Working in the muck was a rite of passage for the kids in my family. I saw my older cousins sunburned and dirty after they got off work…and I couldn’t wait for my chance!
The “muck” is a group of produce farms that were established in 1896, in a swamp bed south of Willard, OH. Dutch immigrants bought the swamp, drained it and farmed the rich black dirt beneath.* My brothers and I worked for Holthouse Farms, one of the muck’s original farming families, in the summers of 1978 and 1979. Even after decades of farming, the soil was coal black and fertile.

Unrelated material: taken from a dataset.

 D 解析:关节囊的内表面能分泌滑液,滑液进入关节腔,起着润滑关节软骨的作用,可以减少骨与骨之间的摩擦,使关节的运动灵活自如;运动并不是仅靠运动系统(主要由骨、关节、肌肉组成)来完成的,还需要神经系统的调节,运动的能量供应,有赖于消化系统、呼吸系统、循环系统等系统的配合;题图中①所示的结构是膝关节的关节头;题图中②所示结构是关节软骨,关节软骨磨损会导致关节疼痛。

I was fourteen, and my brothers were fifteen and sixteen, when we took to the fields. I crawled in the dirt to cut parsley, and pull radishes and beets. My brothers cut endive, leaf lettuce and escarole—vegetables I’d never heard of before—and parsley. We labored for an hourly wage of $2.10. We worked like mad when a crop was to be harvested and shipped on a deadline, for which we got paid piece rate.

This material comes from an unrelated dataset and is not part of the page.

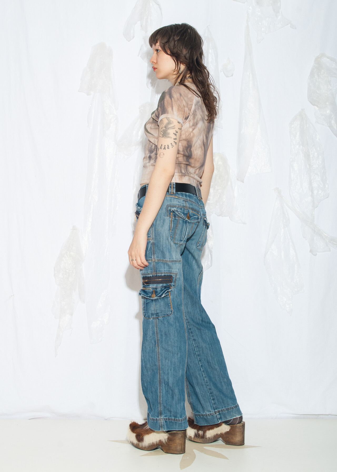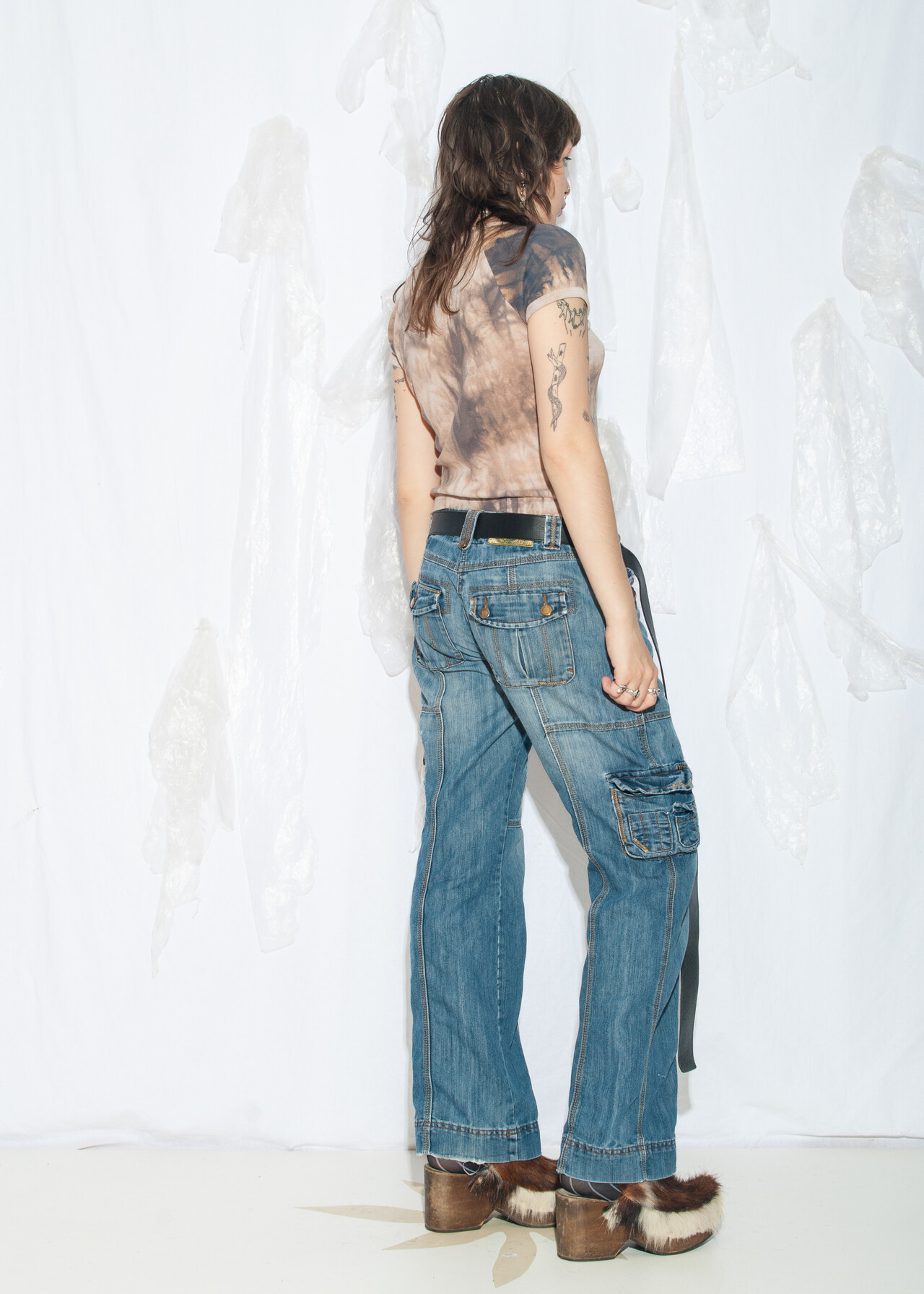 These Y2K vintage cargo jeans are a low-rise, flare masterpiece that will have you strutting like it’s 2003 and you’re the star of your very own grunge fashion show.

The Ohio summers were hot and humid, stifling. But in the fields, we covered every possible bit of skin to defend against the blistering sun. Another foe was parsley poison—think poison ivy—a miserable ailment all by itself, without the sun, sweat and rapid movements of field work to irritate the skin further. Our uniform of necessity was blue jeans, t-shirt, flannel shirt and one or two pairs of tube socks.
It was hard work to be sure. But the satisfactions of earning a paycheck and the camaraderie of working with other teenagers ferried us back each day for another grueling day in the dirt.